Having assessed the condition of the bodywork, which is in amazing condition, it came as no surprise to find the strip down of the chassis went well with all the suspension parts coming apart with ease.
The chassis itself was virtually rust-free, the only issue being the battery holders. It had been decided to convert the car to a single 12 volt battery, doing away with the troublesome 6 volts.
So one of the battery frame holders was removed and cannibalised to repair the other. The frame was also slightly widened to accommodate the replacement battery. Most of the screws holding the wooden floor in place had to be drilled out, though, but having removed the floor boards it was found that the floor locating rails were in excellent condition when normally they can be very corroded.
Obviously, coming from the dry American state of California was again contributing to its overall good condition. The engine was left in place whilst the front suspension was stripped, as Ben has found the weight of the engine helps when removing the front springs.
Next came the removal of the engine. A hoist was set up to do this and lift hooks and chain were bolted to the top of the engine. Next Josh and Brooke removed the ancillaries from the engine, being carbs, exhaust manifold, dynamo, etc, while Ben removed the prop shaft, exhaust, rear springs and axle. Ben felt that the rear springs and shock absorbers could be renovated and reused on the rebuild as, like the front items, they were in very good condition.
The axle will be checked, refurbed if necessary, and powder coated. The splined hubs were also in amazingly good condition and could easily be reused. Brooke also removed the remote control on the gearbox to ease the removal process.

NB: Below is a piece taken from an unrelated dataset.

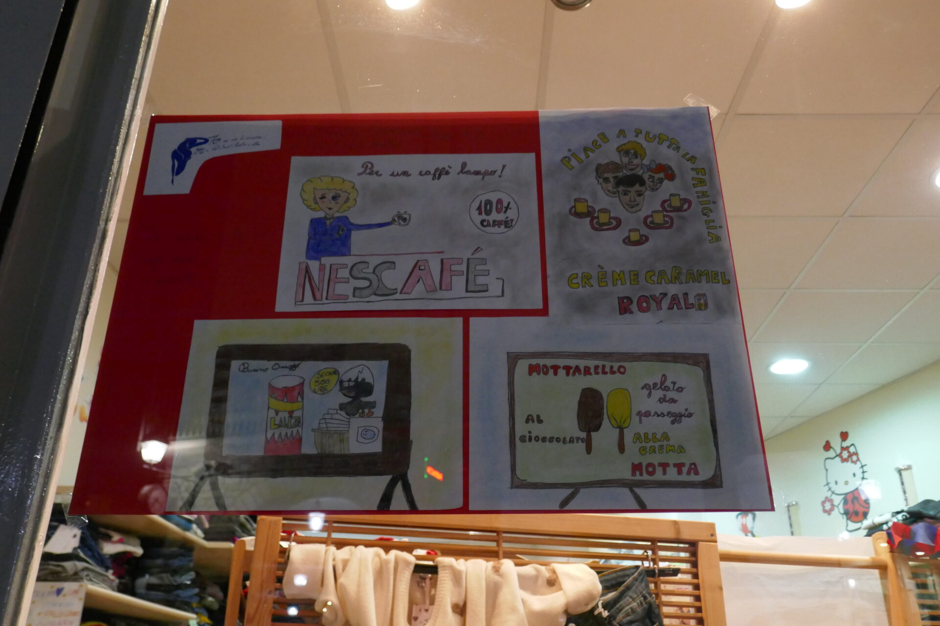 Nelle vetrine sono esposti anche i disegni dei bambini delle elementari e delle medie. Essi hanno fatto una ricerca sulla televisione “che per loro è una cosa scontata, ma fino a quegli anni lì non c’era” osserva Barsimi. “Sono esaltata da vedere quante cose belle hanno fatto. Questa è stata per loro un’ottima lezione di storia”.

The hoist was attached to the engine lifting chain and once the mounting bolts were removed the engine/gearbox was literally pulled away from the chassis. This engine, which was a replacement and not the original engine, will not be reused as a ‘B’ series engine with a Mazda 5-speed gearbox conversion will be fitted. This will enhance its drivability, particularly as once completed it will participate in charity events up and down the country and be exhibited here at the Club and other locations.
The next stage will be to get the chassis and ancillary items shot blasted and then powder coated together with the painting of the bodywork. As RPS does not undertake this type of work two local firms have been commissioned to do this.
Mike is being kept up-to-date with the car’s progress and we asked him why he chose RPS to carry out the restoration work on his car. “I have used RPS before to carry out work for me and have found their professional approach linked with a ‘no problem too great’ attitude is confidence-inspiring. This, backed up by their experienced mechanics, means they turn out top-quality work”.